A tricky case of pancreatic arteriovenous malformation: the role of endoscopic ultrasound in the diagnosis of this rare condition
23 November 2018 (online)
A 77-year-old man was referred to our hospital for further evaluation of a symptomatic pancreatic mass.
Almost a year before, he had experienced low back pain with irradiation to the left flank. Ultrasonography showed a hypoechoic mass at the pancreatic tail. He had no relevant past history, such as abdominal trauma, pancreatitis or other congenital abnormalities. His physical examination and laboratory test results were normal. Computed tomography (CT) revealed the presence of a nodular neoformation in the pancreatic tail, which was hyperintense in the arterial phase ([Fig. 1]). A neuroendocrine tumor was suspected and endoscopic ultrasound (EUS) was performed.

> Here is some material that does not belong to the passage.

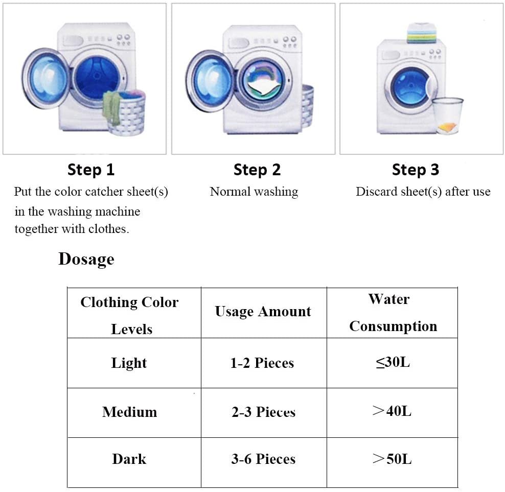 • Color Catcher sheets absorb and trap loose dyes in your wash water, to prevent dyes from running or bleeding onto other clothes.

A 25-mm vascular lesion in the pancreatic tail was detected, close to the splenic artery, from which it appeared to receive vascularization, with arterial flow seen on the color and power Doppler study ([Fig. 2], [Video 1]). On infusion of contrast agent (SonoVue 4.8 mL; Bracco Imaging, Milan, Italy) rapid capture and slow release was shown ([Fig. 2], [Video 1]). Selective angiography of the celiac tripod confirmed the presence of an arteriovenous malformation (AVM) in the pancreatic tail, supplied by pancreatic branches of the splenic artery ([Fig. 3], [Video 1]). Given the symptomatology and the size of the lesion, left pancreatectomy and splenectomy was performed. Histological examination on the surgical sample confirmed the vascular origin of the lesion.
Video 1 Endoscopic ultrasound examination with Doppler study and contrast-enhanced evaluation followed by angiographic study confirmed the presence of a pancreatic arteriovenous malformation.

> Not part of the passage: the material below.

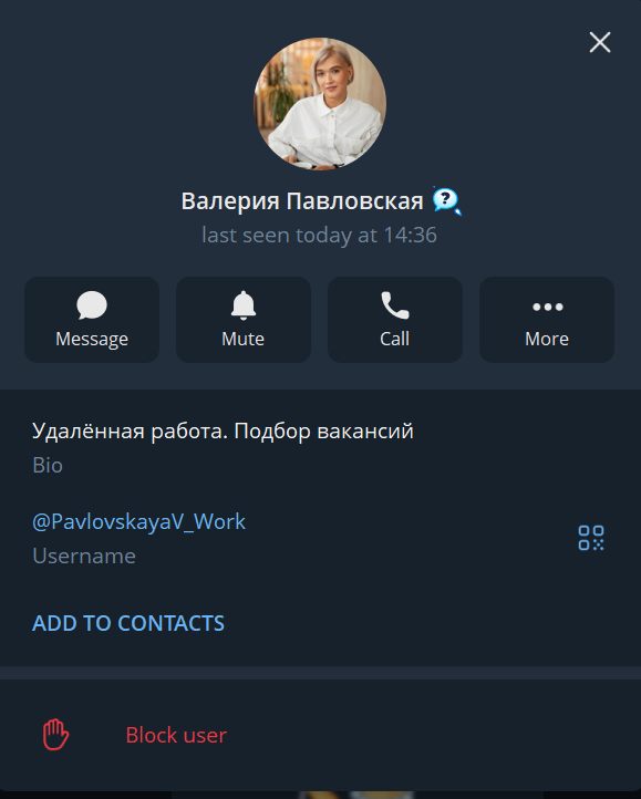 Контактные данные ограничены одним Telegram-аккаунтом. Основным контактом выступает профиль PavlovskayaV Work. Других данных, таких как электронная почта, номер или сайт, не публикуется. Канал начал свою деятельность в феврале 2026 года.

Pancreatic AVM is a very rare condition. It may be congenital or acquired in a neoplastic, traumatic or inflammatory context . Most cases of pancreatic AVMs are symptomatic, most frequently presenting with abdominal pain and upper gastrointestinal bleeding, and only rarely with acute pancreatitis . Diagnosis is usually made by ultrasonography, CT, magnetic resonance imaging, and/or angiography . The differential diagnosis is primarily hypervascular tumors such as islet cell tumor, neuroendocrine tumor, and hypervascular metastases . In our case, EUS, which is not commonly performed in this condition, allowed the diagnosis to be made.